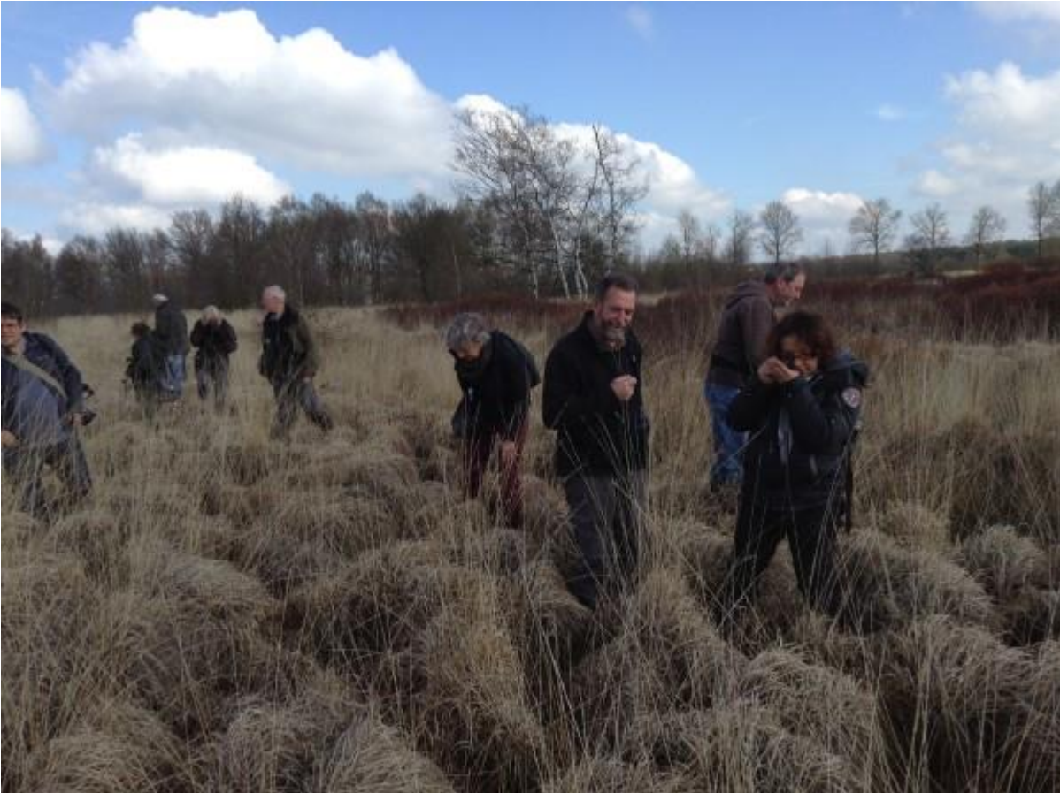
Op zondag 12 april hadden we de Antwerpse mossenwerkgroep op bezoek voor een mosseninventarisatie in de natte heide op Riebos Lommel en 't Plat in Overpelt.
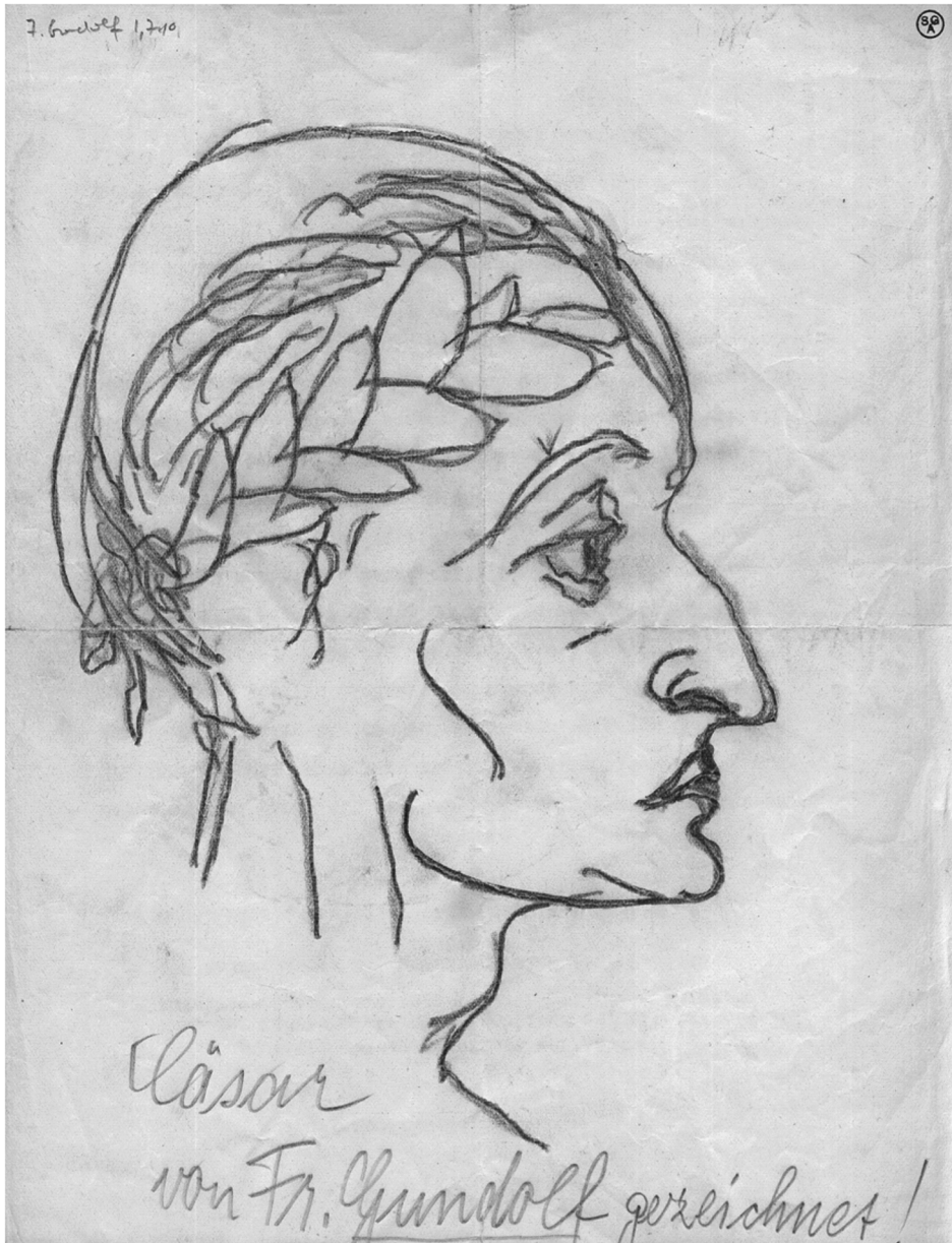
Abb. 1: Cäsar von Friedrich Gundolf gezeichnet!
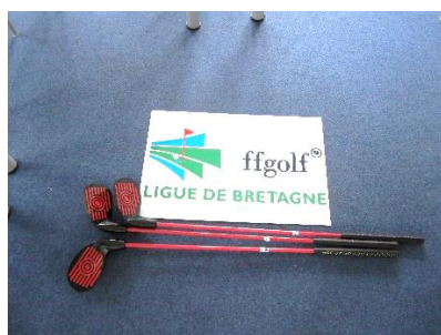
Launcher Noir – Adultes
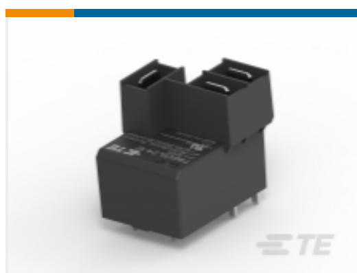
TE 产品编号1558676-6 T9GS1L24-22
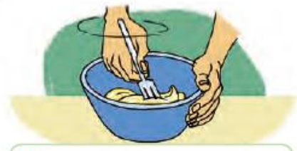
Mix butter and sugar with a fork.
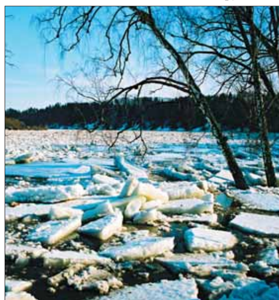
Nemunas ties Birštonu 1999 metais.

pritrūko gal 70 cm, tačiau buvo labai neįjauku. Esant kritiniams atvejams vandens lygi Nemune padėdavo sureguliuoti Kauno HE, atidarydama daugiau šliuzų. Vanduo sukildavo ledą, jį suaižydavo, ir lytis ramiai išplaukdavo, – A. Trakys prisiminė ir didįjį 1999 metų potvynį kurorte, kuomet didžiulės ledų lytys, užneštos ant krantinės, pasigėrėti vaizdu išviliojo daugybę žmonių (nuotrauka kairėje).
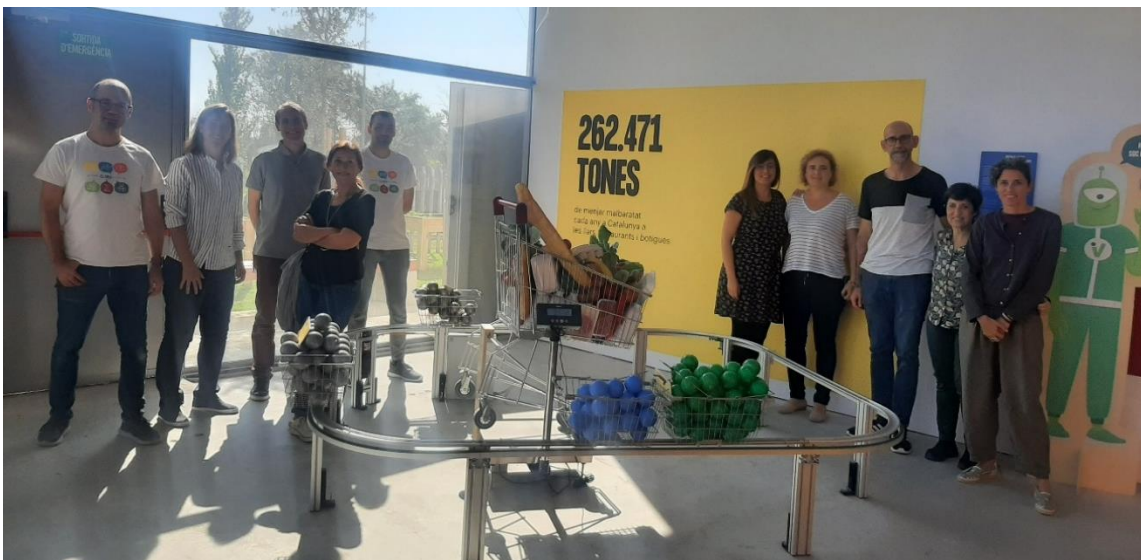
Foto final dels assistents a la sessió de la Taula d'Emergència Climàtica

Per acabar, es van presentar els propers passos de la Taula (calendari) i es va agrair la participació. També es va realitzar una foto de grup al final de la sessió.
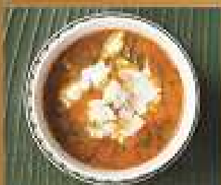
45. แกงหัวหนังกุ้ง 300/450/600 Crab meat and acacia red curry
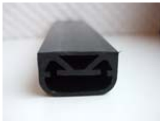
Profil ohne Klebeband
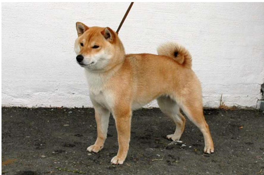
Yukime av Enerhaugen 18194/04 19/05/04 Rød. Christen Lang, Bergen. (Nuch Kerriland Total Adventure – Østbylias Glæe Gyokome)

Utmerket type, fint hode og uttrykk. velpigmentert. Fine ører og bitt. God hals og overlinje. Noe steil overarm, bra forbryst. Bra kropp, velplass hale, beveg seg anelse veivende frem, OK bak. pels i felling. Fin farge. 1AK 4 VK CK
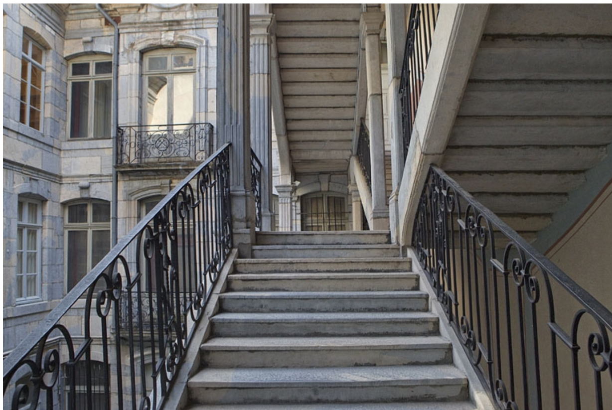
Escalier à cage ouverte : détail de l'intérieur de l'escalier.

25, Besançon Grande Rue 67, lieudit : îlot Saint-Pierre
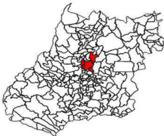
Figura 1 – APL Confeções da Região de Jaraguá: Municípios participantes
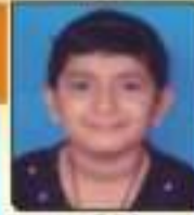
મહાદેવ કાદે ધોરણભાઈ સપ્ટેમ્બર, ૨૦૧૩
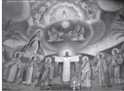
Aurelio Arteta. Mural Seminario de Logroño. 1929.
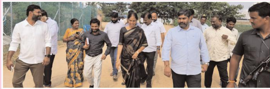
బాలపూర్, మేజర్ న్యూస్ ( నవంబర్ 02): మీరపేట్ మున్సిపల్ కార్పొరేషన్లోని చందన చెరువు, మగతా 2లో
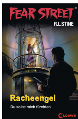
Fear Street 60 - Racheengel
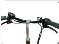
S2 - Plat stuur
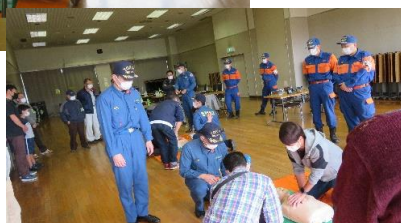
応急対応訓練（胸部圧迫法とAED使用法）
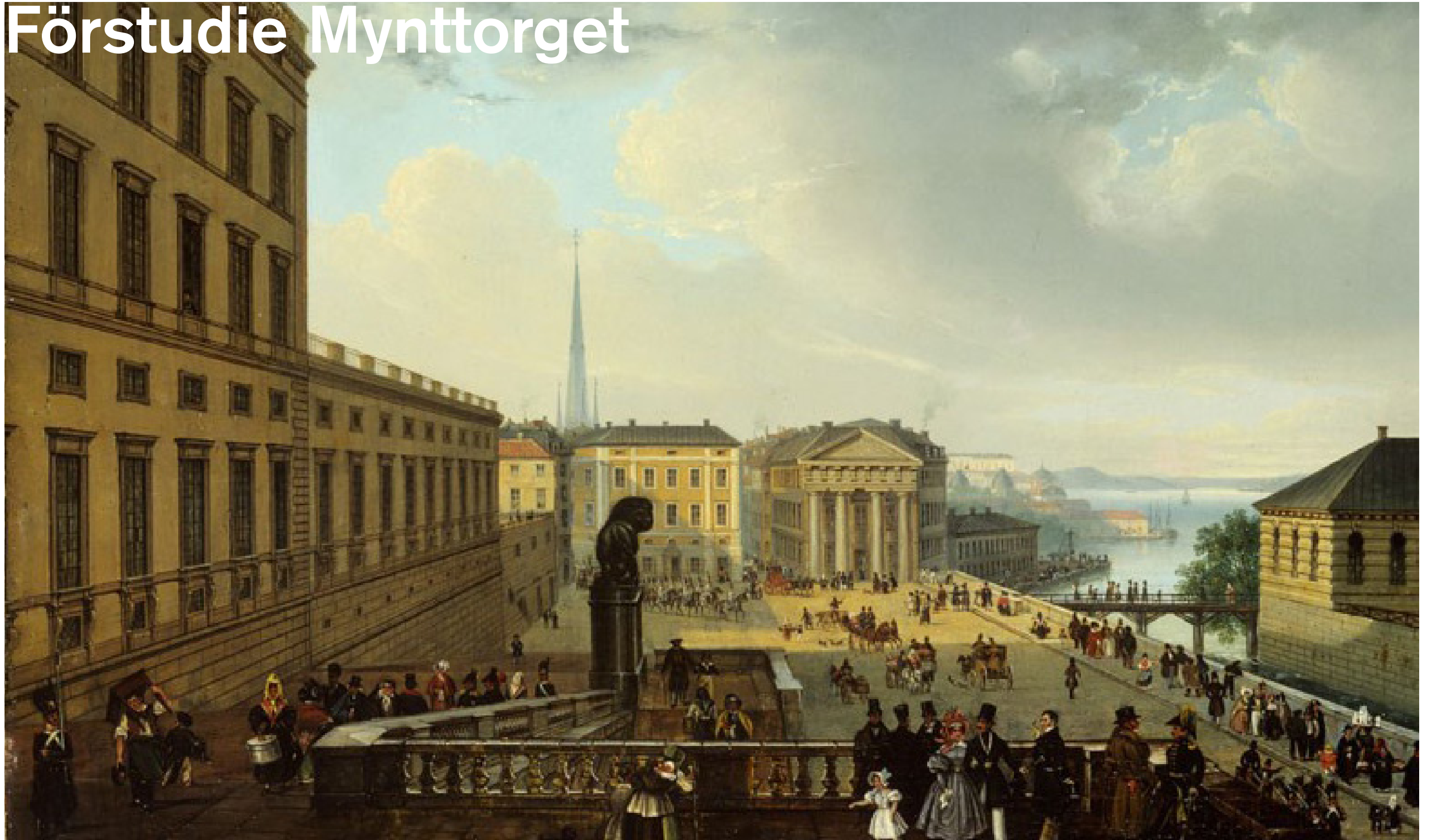
Kvarteret Tre Kronor, Oljemålning av Gustaf Söderberg, 1834
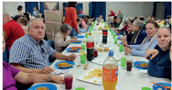
Coincidimos de todas las edades, pequeños, jóvenes y adultos.
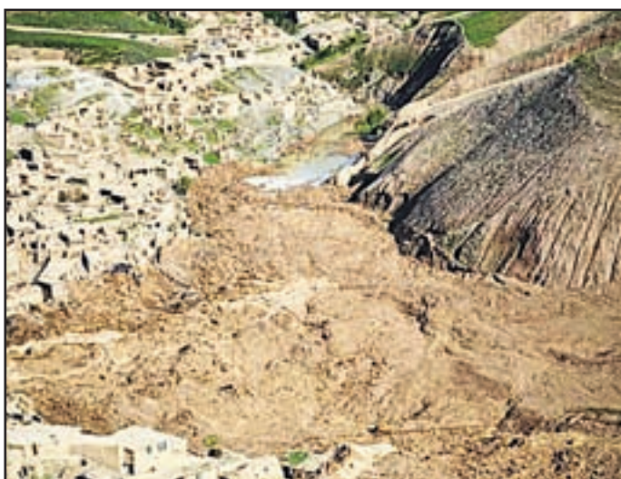
Ogromen plaz v Afganistanu je zasul vas in z njo 2700 ljudi.

Afganistanska vlada je razglasila dvodnevno žalovanje zaradi smrti najmanj 2700 ljudi, ki jih je pod seboj pokopal zemeljski plaz.
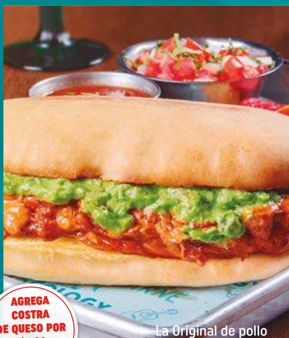
La Original de pollo

Se agrega el 10% de propina sugerida a tu factura final. Imágenes de carácter ilustrativo.
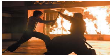
6. Ninja Assassin) ۱۳،۱۳۵ ميليۆن $، كۆى داھات: ۱۳،۱۳۵ ميليۆن $، بە بەك ھەفتە
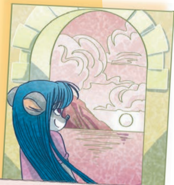
Zonsondergang op Topford
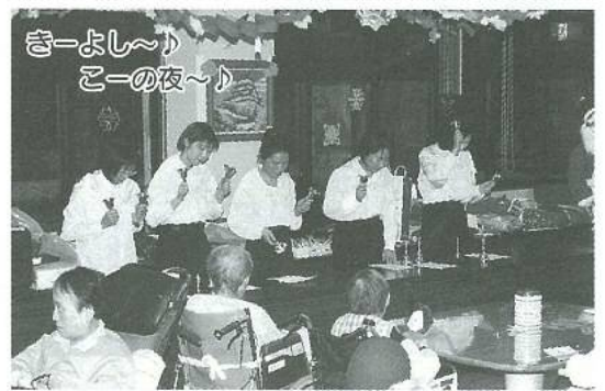
きーよし～♪ こーの夜～♪

======

Task directions =>
Would you please copy the listing exactly, omitting every picture?

Output of the task =>
Op zondag 12 april hadden we de Antwerpse mossenwerkgroep op bezoek voor een mosseninventarisatie in de natte heide op Riebos Lommel en 't Plat in Overpelt.
Abb. 1: Cäsar von Friedrich Gundolf gezeichnet!
Launcher Noir – Adultes
TE 产品编号1558676-6 T9GS1L24-22
Mix butter and sugar with a fork.
Nemunas ties Birštonu 1999 metais.

pritrūko gal 70 cm, tačiau buvo labai neįjauku. Esant kritiniams atvejams vandens lygi Nemune padėdavo sureguliuoti Kauno HE, atidarydama daugiau šliuzų. Vanduo sukildavo ledą, jį suaižydavo, ir lytis ramiai išplaukdavo, – A. Trakys prisiminė ir didįjį 1999 metų potvynį kurorte, kuomet didžiulės ledų lytys, užneštos ant krantinės, pasigėrėti vaizdu išviliojo daugybę žmonių (nuotrauka kairėje).
Foto final dels assistents a la sessió de la Taula d'Emergència Climàtica

Per acabar, es van presentar els propers passos de la Taula (calendari) i es va agrair la participació. També es va realitzar una foto de grup al final de la sessió.
45. แกงหัวหนังกุ้ง 300/450/600 Crab meat and acacia red curry
Profil ohne Klebeband
Yukime av Enerhaugen 18194/04 19/05/04 Rød. Christen Lang, Bergen. (Nuch Kerriland Total Adventure – Østbylias Glæe Gyokome)

Utmerket type, fint hode og uttrykk. velpigmentert. Fine ører og bitt. God hals og overlinje. Noe steil overarm, bra forbryst. Bra kropp, velplass hale, beveg seg anelse veivende frem, OK bak. pels i felling. Fin farge. 1AK 4 VK CK
Escalier à cage ouverte : détail de l'intérieur de l'escalier.

25, Besançon Grande Rue 67, lieudit : îlot Saint-Pierre
Figura 1 – APL Confeções da Região de Jaraguá: Municípios participantes
મહાદેવ કાદે ધોરણભાઈ સપ્ટેમ્બર, ૨૦૧૩
Aurelio Arteta. Mural Seminario de Logroño. 1929.
బాలపూర్, మేజర్ న్యూస్ ( నవంబర్ 02): మీరపేట్ మున్సిపల్ కార్పొరేషన్లోని చందన చెరువు, మగతా 2లో
Fear Street 60 - Racheengel
S2 - Plat stuur
応急対応訓練（胸部圧迫法とAED使用法）
Kvarteret Tre Kronor, Oljemålning av Gustaf Söderberg, 1834
Coincidimos de todas las edades, pequeños, jóvenes y adultos.
Ogromen plaz v Afganistanu je zasul vas in z njo 2700 ljudi.

Afganistanska vlada je razglasila dvodnevno žalovanje zaradi smrti najmanj 2700 ljudi, ki jih je pod seboj pokopal zemeljski plaz.
La Original de pollo

Se agrega el 10% de propina sugerida a tu factura final. Imágenes de carácter ilustrativo.
6. Ninja Assassin) ۱۳،۱۳۵ ميليۆن $، كۆى داھات: ۱۳،۱۳۵ ميليۆن $، بە بەك ھەفتە
Zonsondergang op Topford
きーよし～♪ こーの夜～♪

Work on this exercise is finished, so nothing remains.